In my mask of life, unlike a Halloween mask, running before curfew in a skeleton suit, I had the gut-instinct to visit Gramma.
I ran sweating in rubber clothes as the afterthought arose that Gramma might want to see my fall fashion. Nurses and hovering friends received me nervously, ushered me through the acrid smell of sickness
to Gramma's chamber
whereupon she sang a note of pleasure and surprise. Unwittingly I pranced my specter of death before her dying eyes. We were
all saints in bad taste, stooping to keep her alive.
She recognized the suit, but with the mask removed she asked me
who I was. "It's your grandson," they all chimed in.
I don't think she was aware that she had one. "It's little Jimmy," they added.
"Oh, Jimmy, my boy," said Gramma, for now I was her son.
"We'll go to the park again soon," she said with apology
high in her voice, "And you can spend the night when I'm feeling better. Don't be mad at me; can you promise that?"
And I promised. And I promised.
When she died shortly before my birthday I was plenty angry and I banged things about the house all day.

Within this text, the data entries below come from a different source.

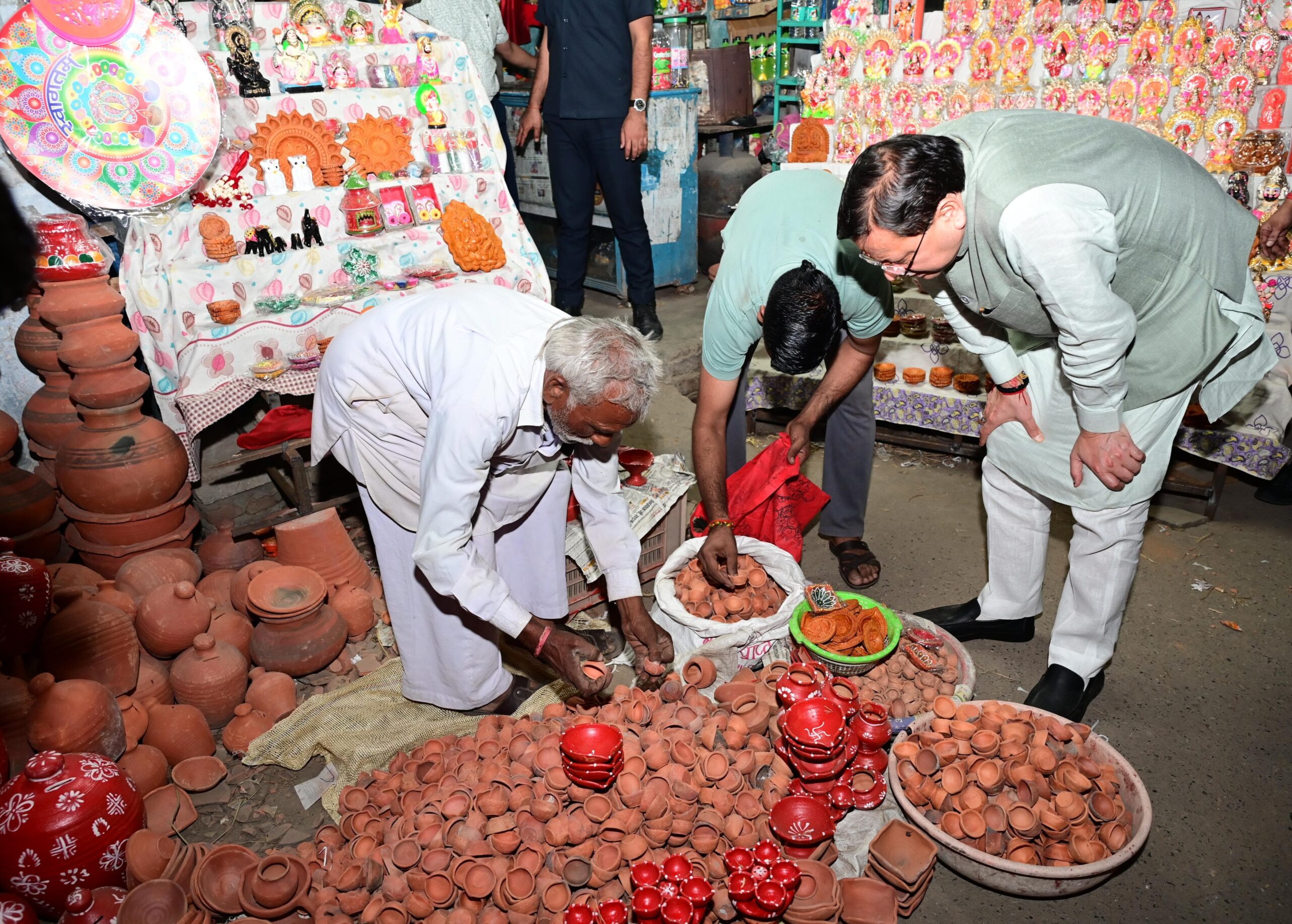 मुख्यमंत्री श्री पुष्कर सिंह धामी ने आज अपने गृह क्षेत्र खटीमा में ‘स्वदेशी अपनाओ’ अभियान के तहत पारंपरिक मिट्टी के दियों और स्थानीय रूप से निर्मित वस्तुओं की खरीदारी की।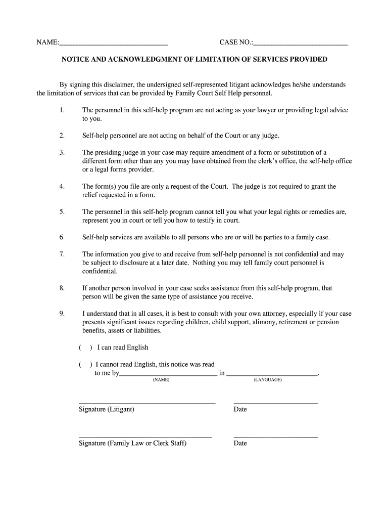 NAME CASE NO. NOTICE AND ACKNOWLEDGMENT OF LIMITATION OF SERVICES PROVIDED By signing this disclaimer the undersigned self-represented litigant acknowledges he/she understands the limitation of services that can be provided by Family Court Self Help personnel. The personnel in this self-help program are not acting as your lawyer or providing legal advice to you. I can read English I cannot read English this notice was read to me by in. NAME LANGUAGE Signature Litigant Date Signature Family...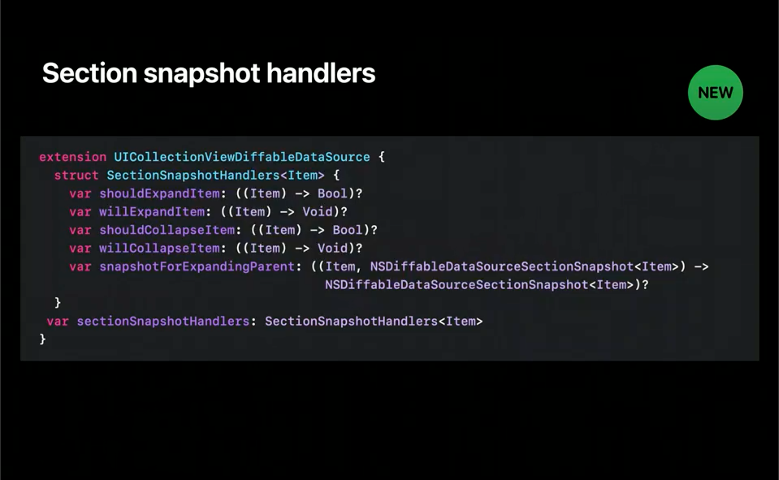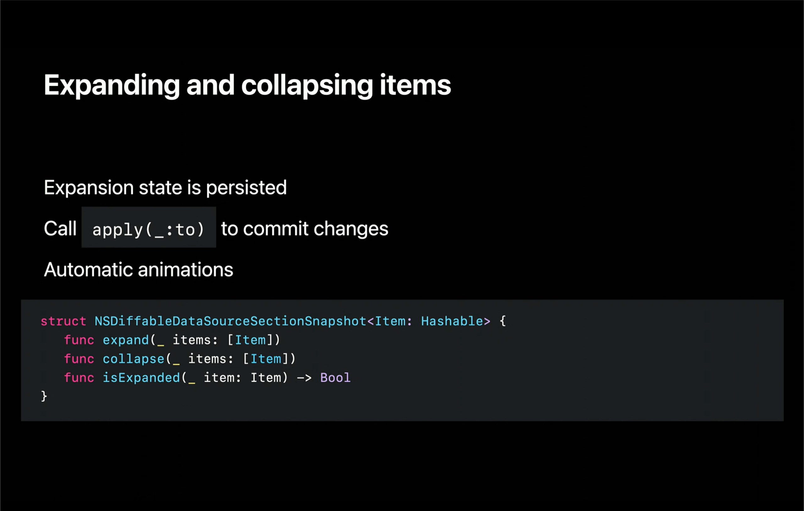 이를 지원하기 위해 Diffable Data Source에는 애플리케이션이 사용자 상호 작용으로 인한 확장 상태 변경을 프로그래밍 방식으로 제어 할 수있는 새로운 API가 있습니다.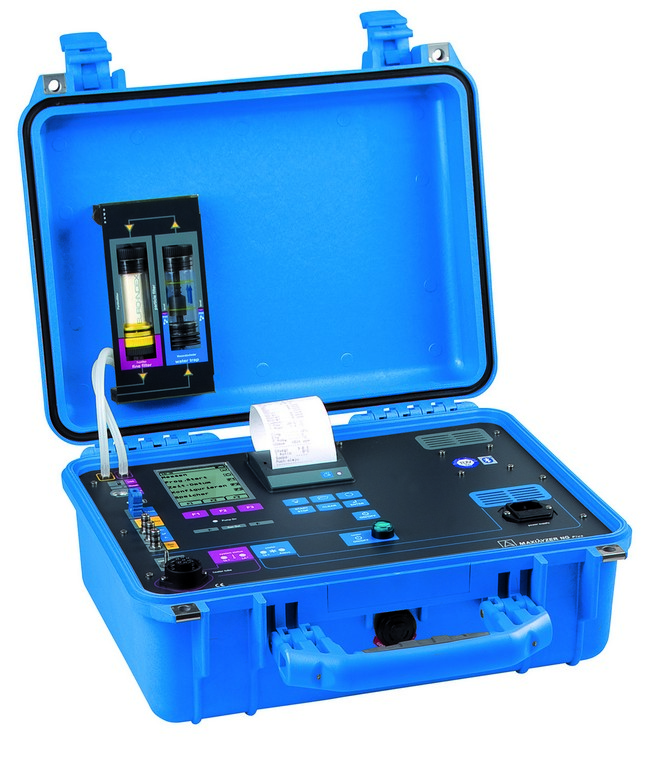 M650是一款便攜式煙氣分析儀,核心的分析組件內置于防護等級IP65的堅固外殼中,而且集成了熱敏打印機和帕爾貼電子冷卻器,待測氣體先后通過帕爾貼冷卻器冷卻和精細過濾器濾除灰塵后進入設備內部的電化學傳感器進行濃度分析。LCD背光顯示屏可同時顯示10行測量值。儀器具有測量值圖形顯示及煙道中心溫度搜索功能,內置第二空氣沖洗泵可以自動開啟保護CO/H2傳感器,延長使用壽命。自動顯示維護信息,便于檢修。 M650 煙氣分析系統集成了帕爾貼冷卻器,所以主要應用于長時間測量的場合(自動排除冷凝水)以及較高濃度NO2和SO2的測量。因為NO2和SO2易溶于水,而我們在測量中必須要消除因待測氣體溶于水而造成測量結果偏低的影響。所以檢測NO2和SO2時必須使用伴熱采樣管和一個氣體冷卻器。通過這些裝置的組合,我們就可以避免上述情況的發生。加熱的氣體通過的冷卻器的冷卻排除冷凝水,實現氣水分離。 |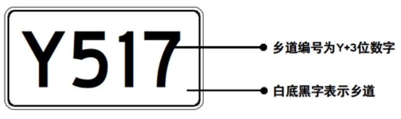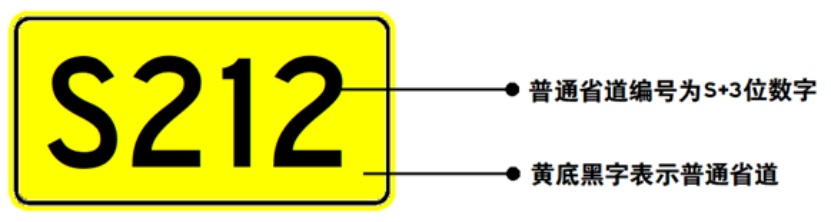 普通公路(普通国道、普通省道、县乡村道和专用公路)路线编号,由一位公路行政等级字母标识符“G(S/X/Y/C/Z)”和三位数字编号“×××”组配表示。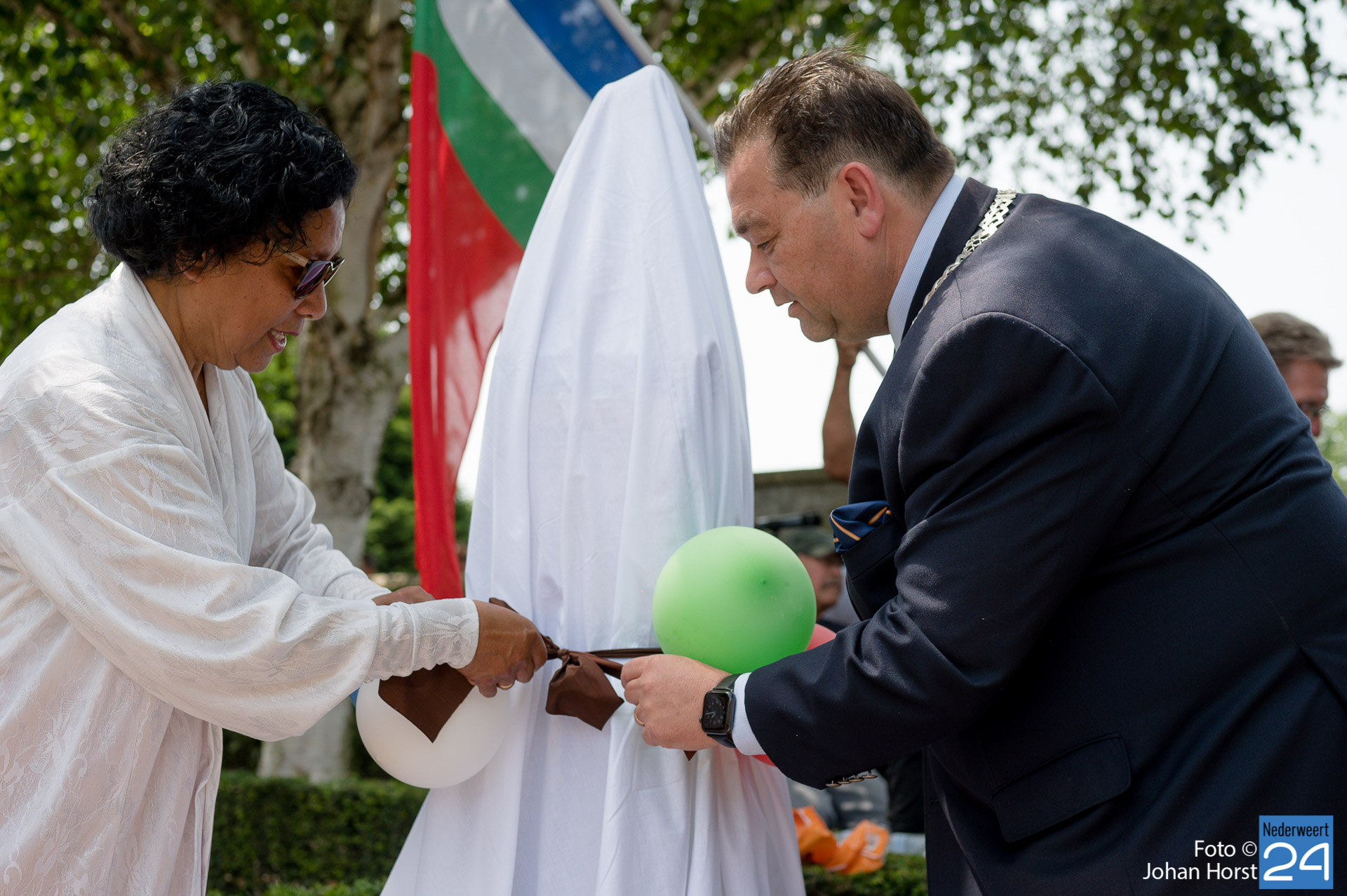 Hoogtepunt van de dag vond door leden van de werkgroep en burgemeester Vlecken de onthulling plaats van het monument ter nagedachtenis aan de overleden Weerter Molukkers. Dankzij subsidie van de Gemeente Weert heeft de Weerter kunstenaar Ruud Hehanussa een beeld gemaakt dat de komst van grote aantallen Molukkers in 1951 symboliseert: vader, moeder, kinderen en koffers. Tijdens deze plechtige onthulling waren er enkele toespraken en voordrachten en er werd een krans gelegd door twee kleinkinderen. Tevens werd er drie keer op de ‘Tahuri’ geblazen, een traditioneel Moluks blaasinstrument, gemaakt van schaaldieren.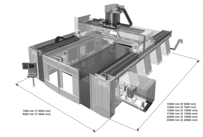 | Corsa in X/Y/Z | X: da 7500 e oltre / Y: 4000-5000-6000-7000 mm / Z:1500-2000-2500 mm |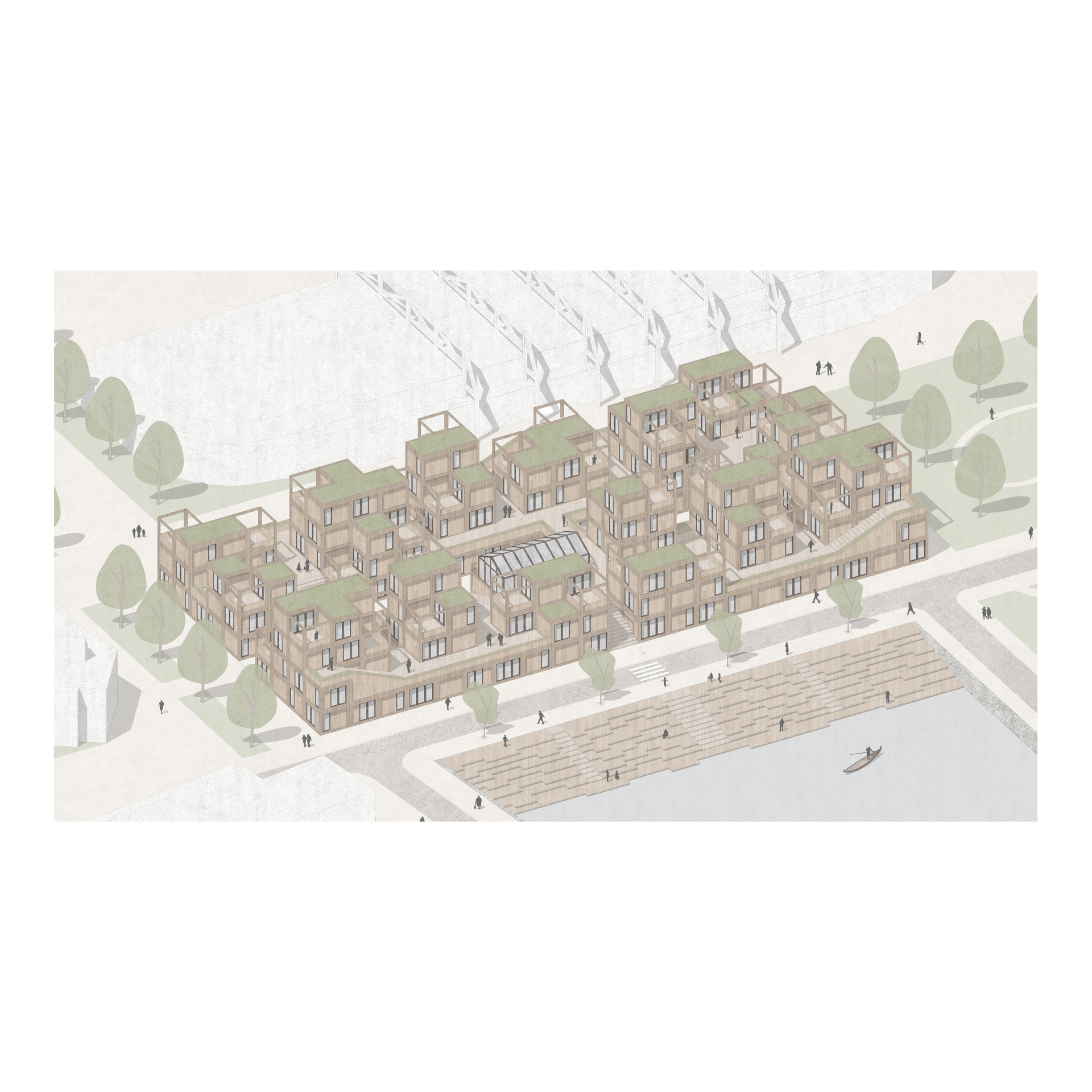 Ontwerp van 40 unieke sociale huurwoningen in Feijenoord, Rotterdam, met een modulair houten bouwprincipe, gebaseerd op het Community Land Trust-model, voor duurzame en betaalbare huisvesting.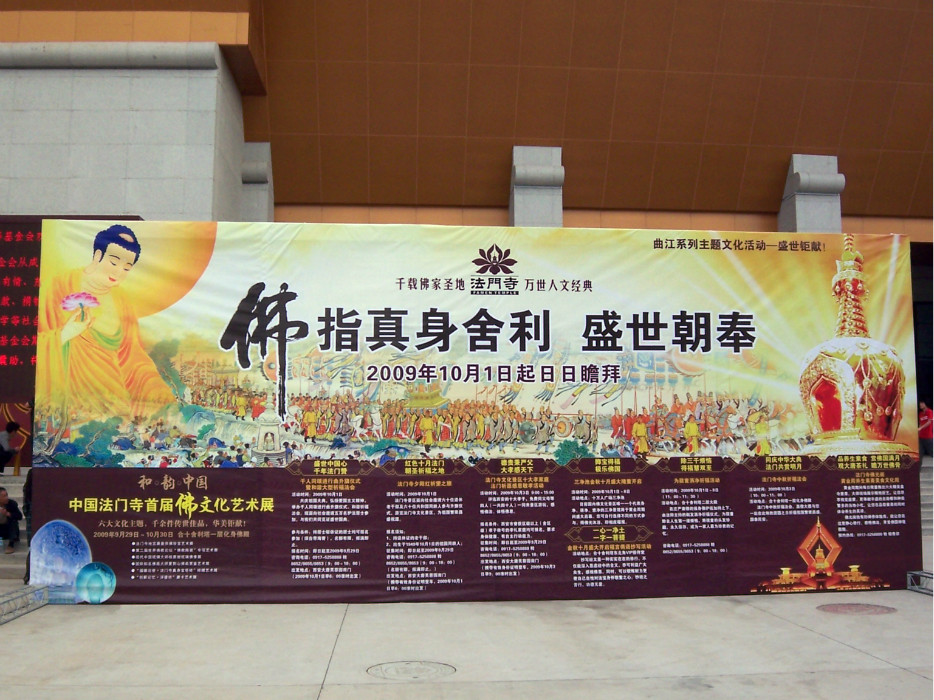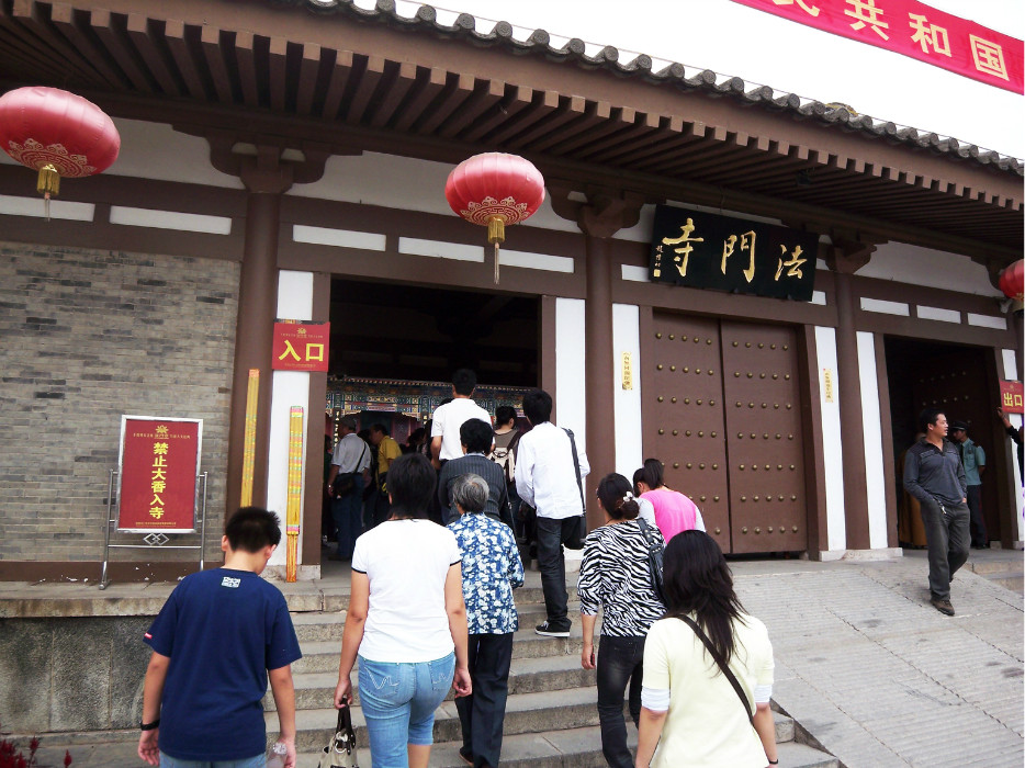 从禅拜入口进去参观佛指舍利,可惜不让拍照,我们进了两遍!好好看了看,在1987年5月5日至12日,舍利地宫打开期间共发现有4枚舍利。其中两枚为白玉 所制,另一枚为一高僧的舍利。这三枚都属于“影骨”,和“灵骨”放置在一起是为了保护后者。“灵骨”色黄而有似骨质的颗粒分泌物,经专家鉴定,这一枚就是真身佛骨。法门寺 也随着真身舍利的出土而成为佛教的胜地。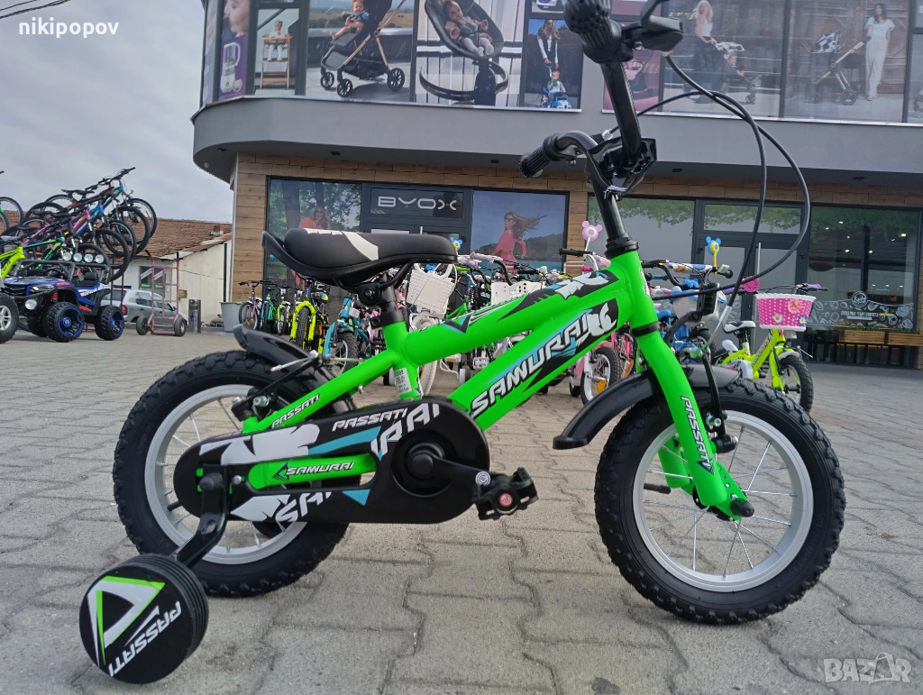 *Детският велосипед на Passati е един прекрасен избор за децата между 2 и 4-годишна възраст и височина от 80 до 100см. Може да се използва от деца, които още не са се научили да карат без помощни колела. Рамката е метална. Велосипедът е с алуминиеви капли и алуминиев държач на кормилото. Разполага с предна и задна V-brake спирачка, пластмасови калници и предпазител на веригата.

"I went to see her you know," I yelled to mom and dad,
"Why didn't you tell me she was dying?"
They gathered to stare at me, mouths hung open.
"When?" they whispered. "Halloween night,"
I replied. "That's when she went into a coma," they said to each other as though I had no medical savvy whatever.
"Hey, I watch Richard Boone, I study health in school, I know what leukemia is, and Gramma told me about death and its nothing to whisper about," I exclaimed in a torrent.
"I showed her my costume and she liked it and I'm glad and she made me promise not to be mad at her, but I am. I'm mad at everyone for lying." I shouted, heaving shoulders.
My parents were stunned, and yet, I sensed respect.
Each Halloween I celebrate victory over death. I observed the ritual in my own spooky way,
running through moonlit streets and up to porch lights,
ringing bells, announcing trick or treat.
One old lady asked me,
"Do you promise to be good?" "No," I said, clenching fists, "but I'm going to church tomorrow and pray for my gramma when they read her name from the list."